12:56:07:WU01:FS01:Sending unit results: id:01 state:SEND error:NO_ERROR project:11748 run:0 clone:5487 gen:10 core:0x22 unit:0x0000001a8ca304e75e6bafe323dd07eb
12:56:07:WU01:FS01:Uploading 12.58MiB to 140.163.4.231
12:56:07:WU01:FS01:Connecting to 140.163.4.231:8080
12:56:28:WARNING:WU01:FS01:WorkServer connection failed on port 8080 trying 80
12:56:28:WU01:FS01:Connecting to 140.163.4.231:80
12:56:50:WARNING:WU01:FS01:Exception: Failed to send results to work server: Failed to connect to 140.163.4.231:80: A connection attempt failed because the connected party did not properly respond after a period of time, or established connection failed because connected host has failed to respond.
This seems to suggest that the work server is either unreachable or is not responding. Other applications work fine and communicate with other fah servers

Re: Is plfah1-1.mskcc.org (140.163.4.231) down?

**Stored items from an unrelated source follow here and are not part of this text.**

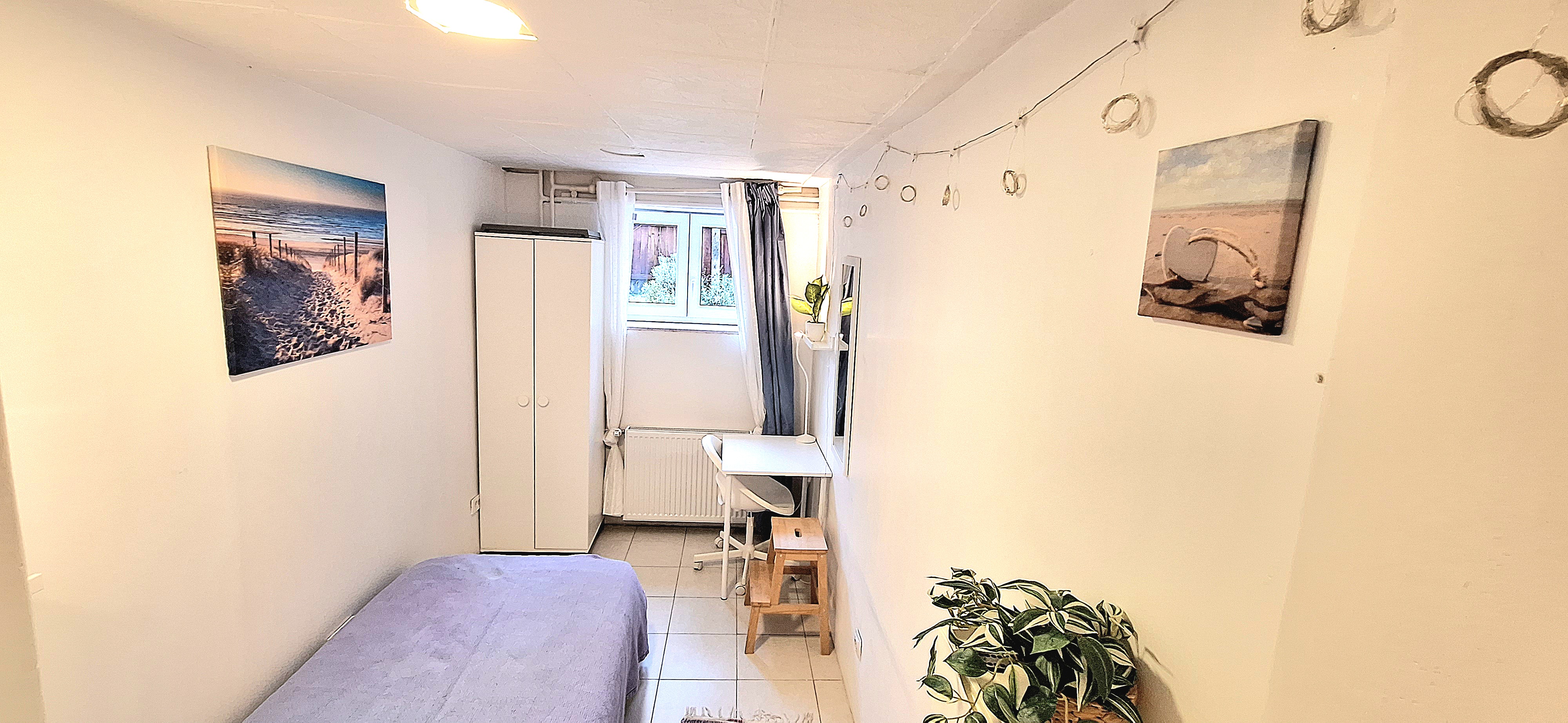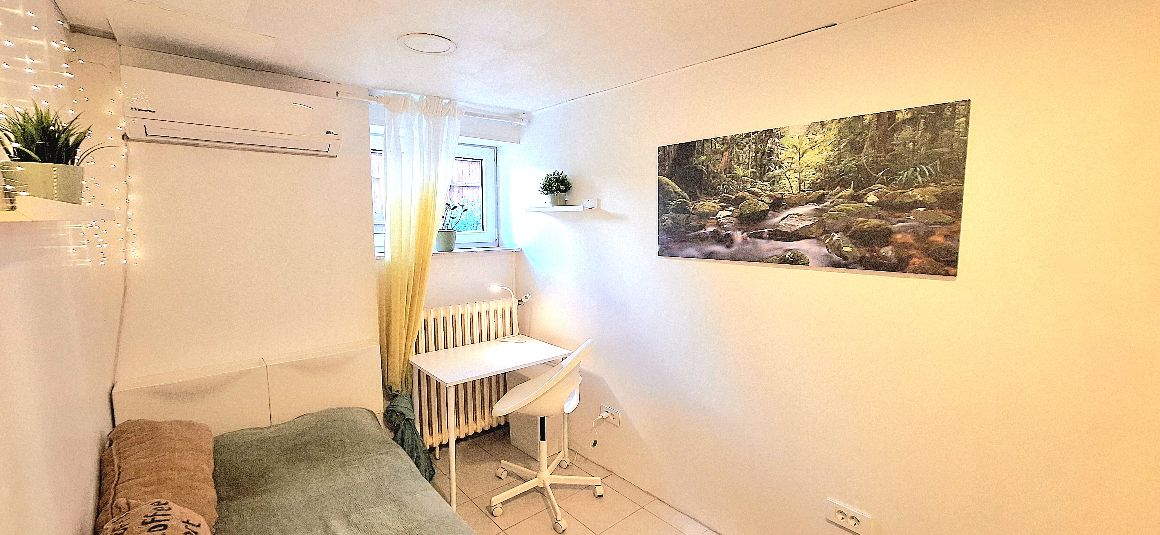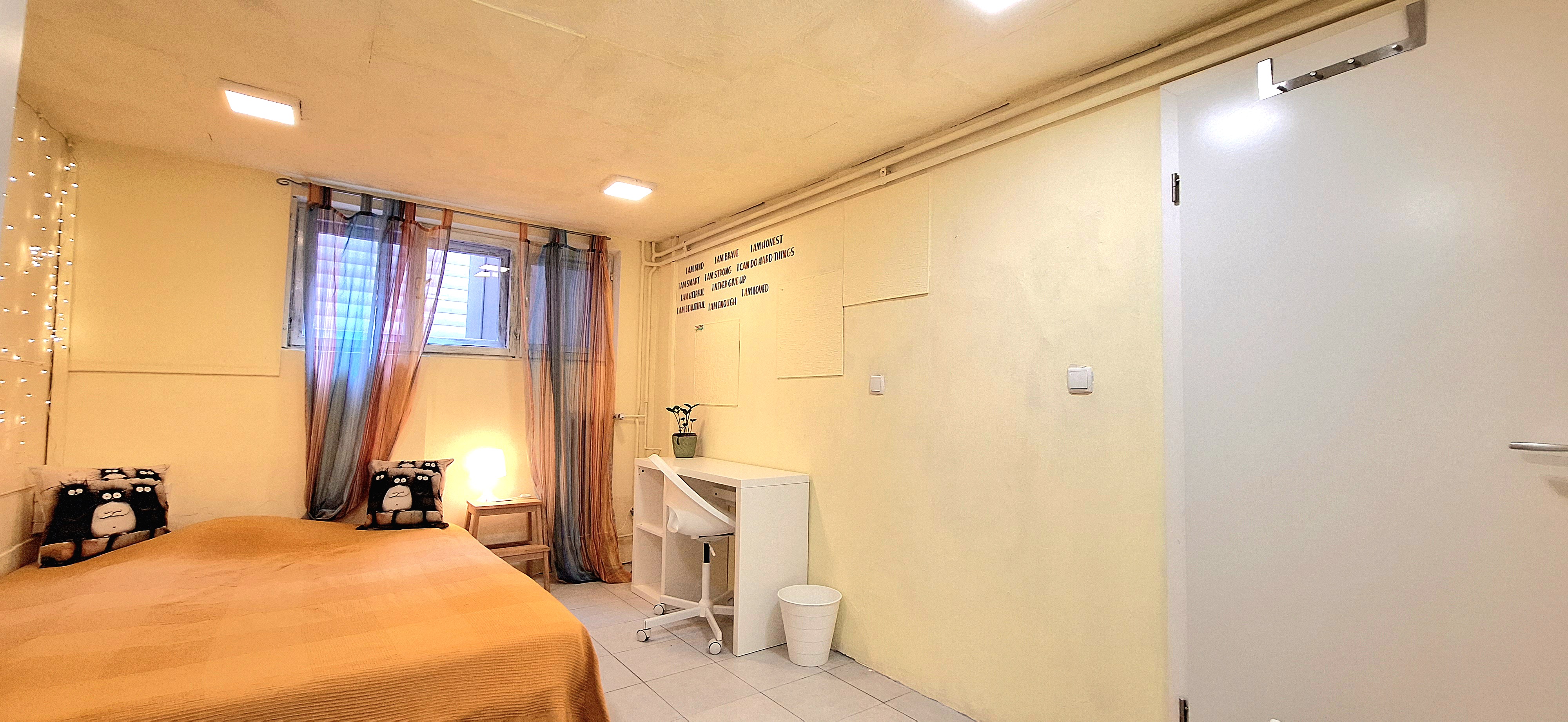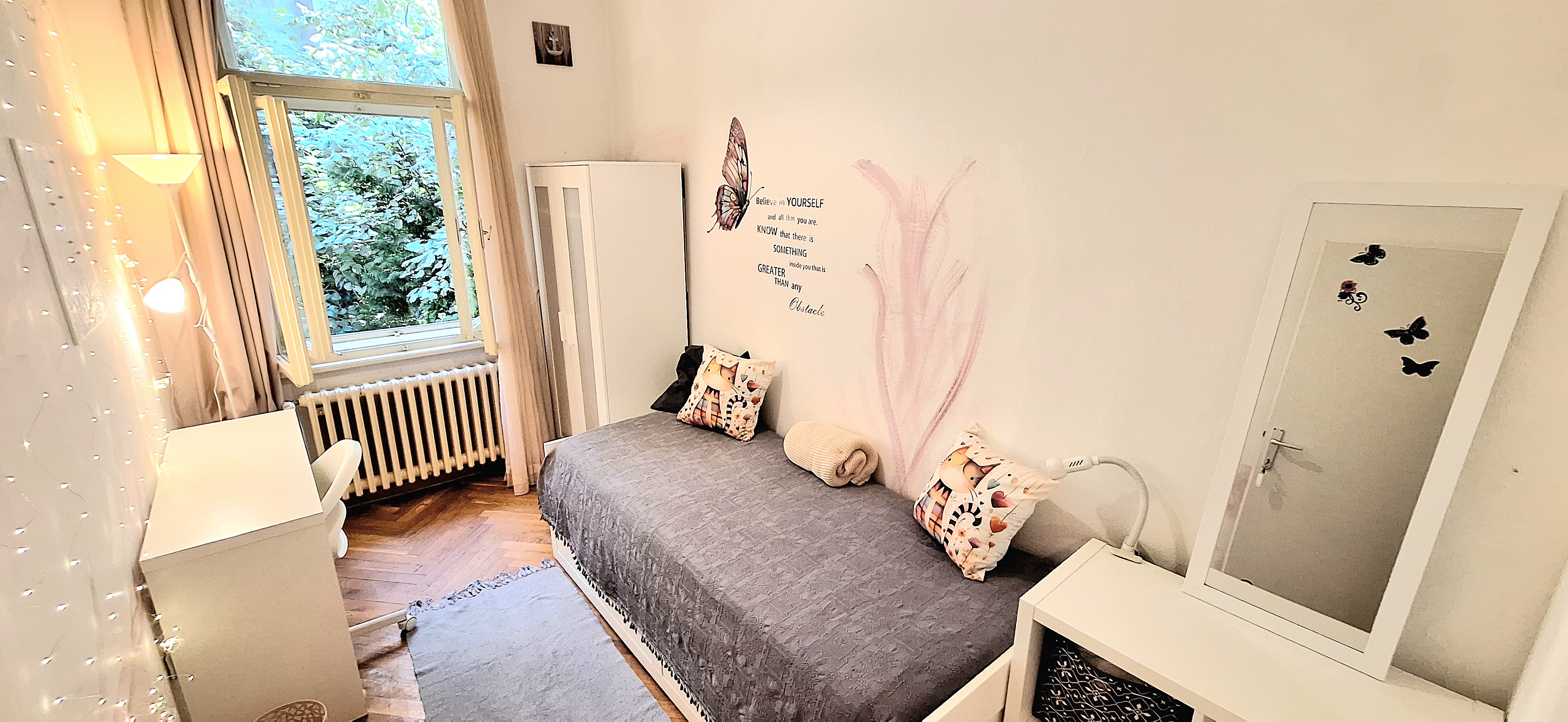 Sunflower room is facing South and its located in the ground level of the house. Its great for one person that needs a longer stay or a bigger room space as it is one of the biggest rooms in the house. The room is fully furnished with a 160 x 200 bed that can be for 2 people or comfort, table, chair, lamp, drawer cupboard and a big cabinet, black out curtain and of course Fairy lights. Tennant is allowed to use all common spaces of the house – ground level bathroom (shower, toilet and sink) fully equipped small kitchen, lounge room , Main Floor Kitchen and terrace and garden area. Price 500EUR + utilities.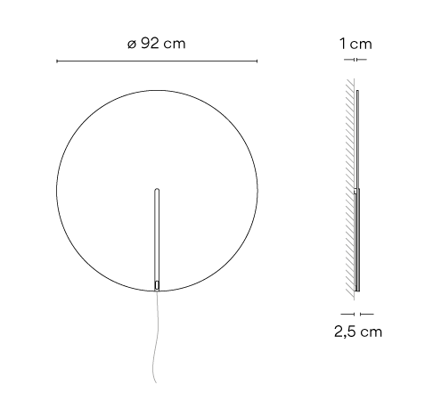 Накладные светильники Vibia. Guise 2262, арт 2262-18-26, цвет графит, диммируемый, D=920 мм, под лампы LED STRIP 2x3,6W и 2x5W 3000K 1504lm 24V.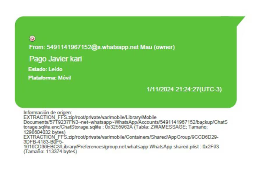 El mismo análisis mostraba que Davis también había sido quien envió dos de 507.000 dólares minutos antes de la reunión con Milei el 30 de enero de 2025. Ese dinero llegó a Novelli y Terrones. El intermediario se llama Orlando Mellino y es un jubilado con domicilio en una plaza en Tigre. Ese fue el día que Davis y Milei sacaron una foto que el Presidente tuiteó comentando que Davis lo asesoraba, tal como preveía el texto del presunto contrato hallado en el las notas del celular de Novelli. Ese tuit es el que estaba tarifado en 1,5 millones de dólares.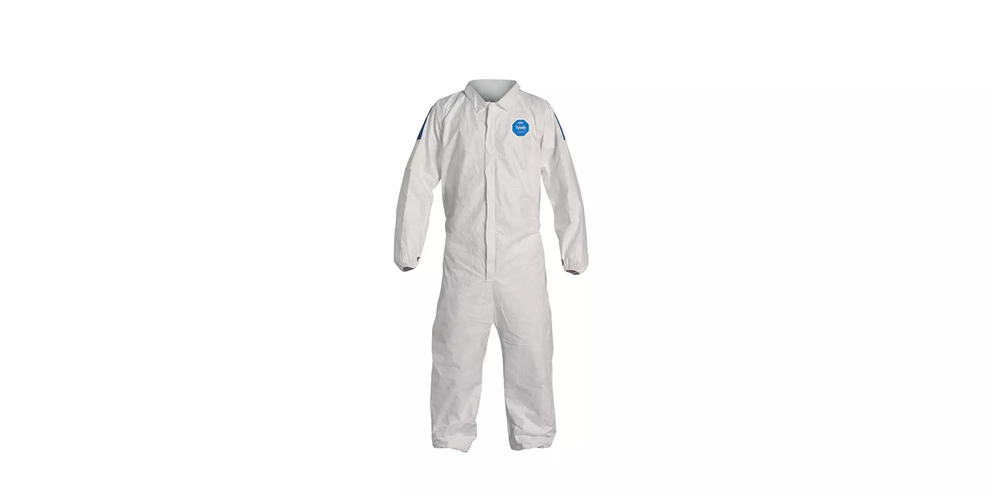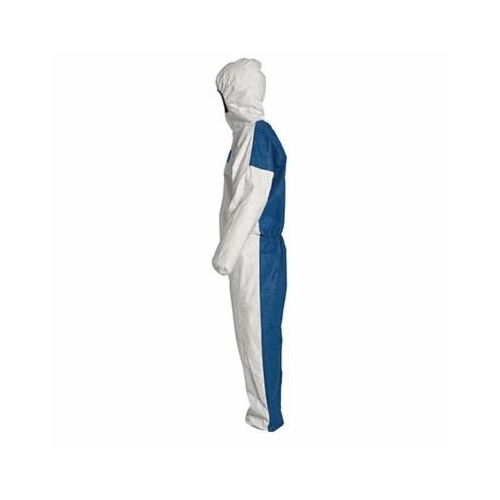 DuPont TD127SWB2X0025CM Disposable Coverall With Respirator Fit Hood, Elastic Wrist and Ankle, 2XL, Blue Back/White Front, 5.9 mil Tyvek 400 D, 45-1/4 to 48-3/4 in Chest, 30-1/2 in L Inseam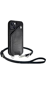 iPhone 13 mini Crossbody Leather-based Cellphone Case – Black
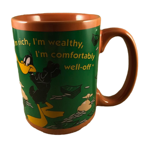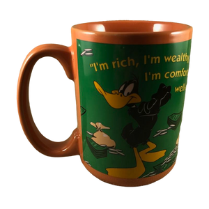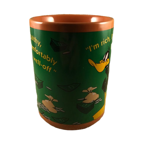 Features the same artwork on the front and the back of the mug consisting of Daffy Duck with the folllowing text above him, "I'm Rich, I'm Wealthy, I'm Comfortably Well-Off"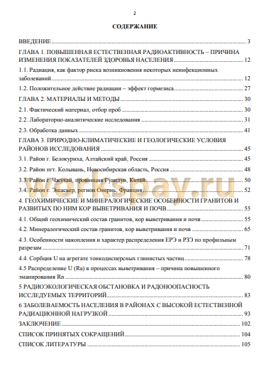 Глава 1 посвящена вопросам влияния естественной радиоактивности и малых доз радиации на организм человека. Рассмотрены как негативные последствия, так и положительное действие радиации. Глава 2 включает описание материалов и методов исследования: отбор проб, лабораторноаналитические исследования и статистическую обработку данных. Глава 3 характеризует природно-климатические и геологические условия районов исследования. В главе 4 описаны общие геохимические и минералогические особенности гранитов и развитых по ним кор выветривания и почв, а также особенности накопления и характер распределения Th и U по профильным разрезам. Рассмотрен вопрос распределения ЕРЭ по гранулометрическим фракциям кор выветривания и почв. Определены формы нахождения радионуклидов в процессах выветривания гранитов. Глава 5 отражает радиоэкологическую обстановку и вопросы радоноопасности исследуемых территорий. Глава 6 содержит анализ показателей заболеваемости населения ВПР, ЗНО и анемиями в районах с высокой естественной радиационной нагрузкой. В заключении представлены основные выводы по работе.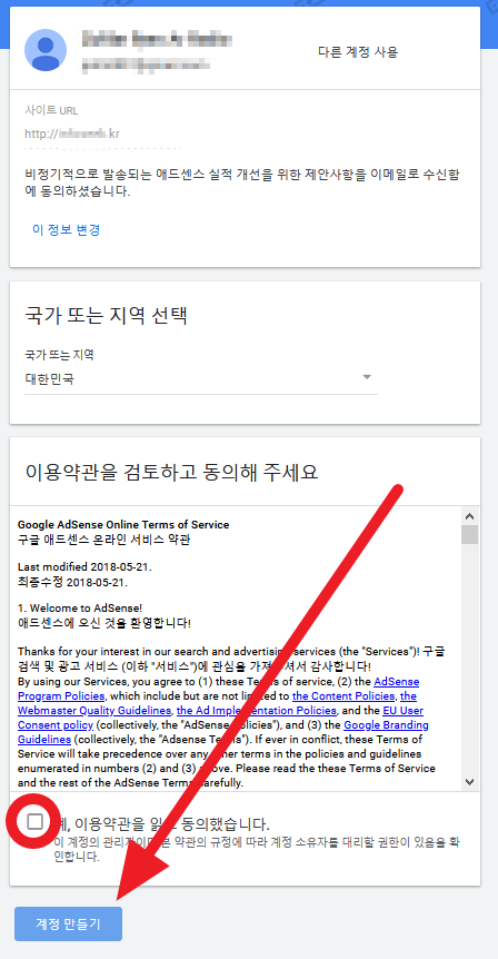 이제 아래와 같이 나오는데요. 여기서 국가를 선택하고 이용약관에 동의후 "계정만들기"를 누릅니다.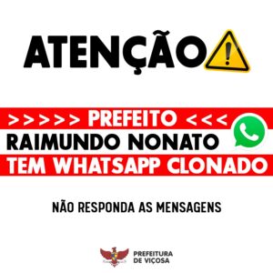 A prefeitura de Viçosa divulgou na tarde desta quarta-feira, 19 uma nota informado que o celular do prefeito Raimundo Nonato havia sido clonado e pedindo para que as pessoas não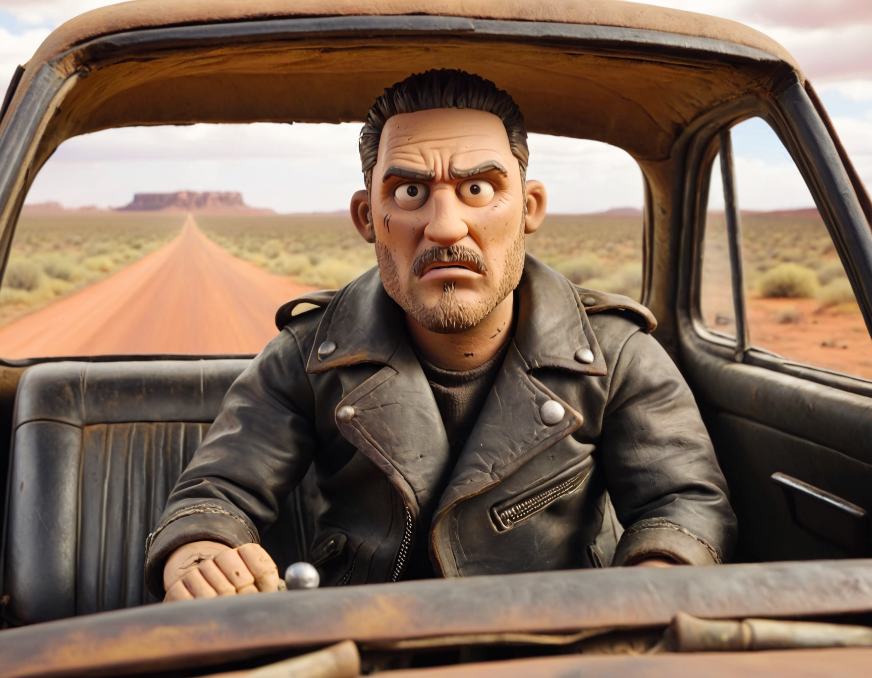 <lora:Aardman Animations Style:0.55> aardman, animations, style <lora:CLAYMATE_V2.03_:0.45> claymation dramatic scene from movie "mad max" car interior, old muscle car, a grizzled man (tom hardy) with stubble , short hair, determined expression, wearing old leather jacket, driving his car through the outback <lora:Cinematic Film Stock Footage Style:0.5> cinematic, film, stock, footage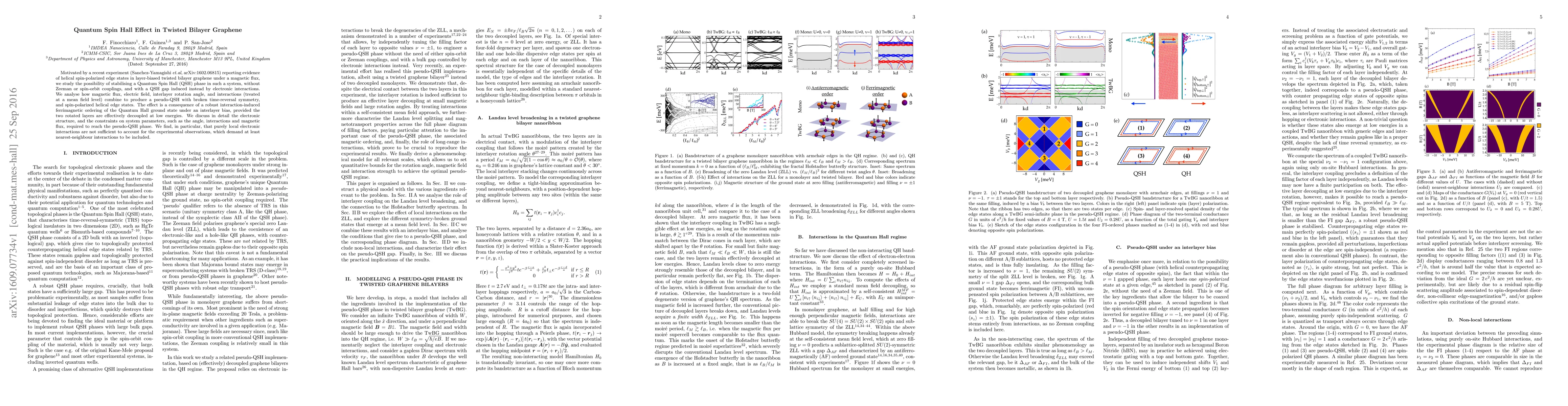 The research investigates the stabilization of a Quantum Spin Hall phase in twisted bilayer graphene driven by electronic interactions rather than external fields, revealing conditions for a pseudo-QSH phase with helical spin-polarized edge states. It finds that local interactions alone are insufficient, necessitating nearest-neighbour interactions to match experimental observations.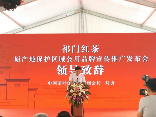 2017年6月16日下午,由中国茶叶流通协会、北京市西城区人民政府、安徽省黄山市人民政府、祁门县人民政府、北京市茶业协会等单位主办的《祁门红茶红遍全球----祁门红茶原产地保护区域公用品牌宣传推广发布会》在马连道茶城外广场隆重举行。西城区区委常委、政法委书记、统战部部长王旭,中国茶叶流通协会副会长刘勇,黄山市人民政府副市长徐德书,黄山市政协副主席顾家雯,黄山市人大常委会副主任胡新方,北京市茶业协会会长白文祥,黄山市农业委员会王武,西城区商务委员会副主任马佩鸿,祁门县人民政府副县长李胜杰,祁门县人大副主任程春伟,北京安徽茶业商会(北京茶业协会徽茶分会)会长胡洪华及茶界、企业界、文化界人士等500余人参加了宣传推广发布会。

Posted: Wed Apr 08, 2020 3:27 pm
by Neil-B
Not showing so at the moment https://apps.foldingathome.org/serverstats and looks like still OK for storage so might just be overload at the moment.

Re: Is plfah1-1.mskcc.org (140.163.4.231) down?

Posted: Fri Apr 10, 2020 1:09 am
by bronozoj
Is there any other way to upload a work unit? It continues to fail with the same error until now and its nearing its expiration (2020-04-16T08:31:28Z). Connecting with a VPN to multiple locations make no difference and trying to ping the server results to 100% dropped packets. The server does have a warning that the collection server is not connected. Can this affect the ability to upload finished work units?

Re: Is plfah1-1.mskcc.org (140.163.4.231) down?

Posted: Fri Apr 10, 2020 1:19 am
by PantherX
bronozoj wrote:Is there any other way to upload a work unit?...
Unfortunately there isn't.
bronozoj wrote:...It continues to fail with the same error until now and its nearing its expiration (2020-04-16T08:31:28Z)...
Today is 2020-04-10T01:16:50Z which means 6 days until it expires. I am hopeful that the issue will be resolved before then
bronozoj wrote:...The server does have a warning that the collection server is not connected. Can this affect the ability to upload finished work units?
The "warning" isn't really a warning per se. The configuration of a CS is entirely optional and depends on the researcher. Not having a CS for a WS means that if the WS is unable to accept the completed WUs, no CS can collect it. If a WS has a CS, then the completed WU can be uploaded to the CS if the WS fails.

Re: Is plfah1-1.mskcc.org (140.163.4.231) down?

Posted: Fri Apr 10, 2020 5:06 am
by iceman1992
Do the assignment servers check if the work servers are up? I keep getting assigned to 140.163.4.231, when it's currently down.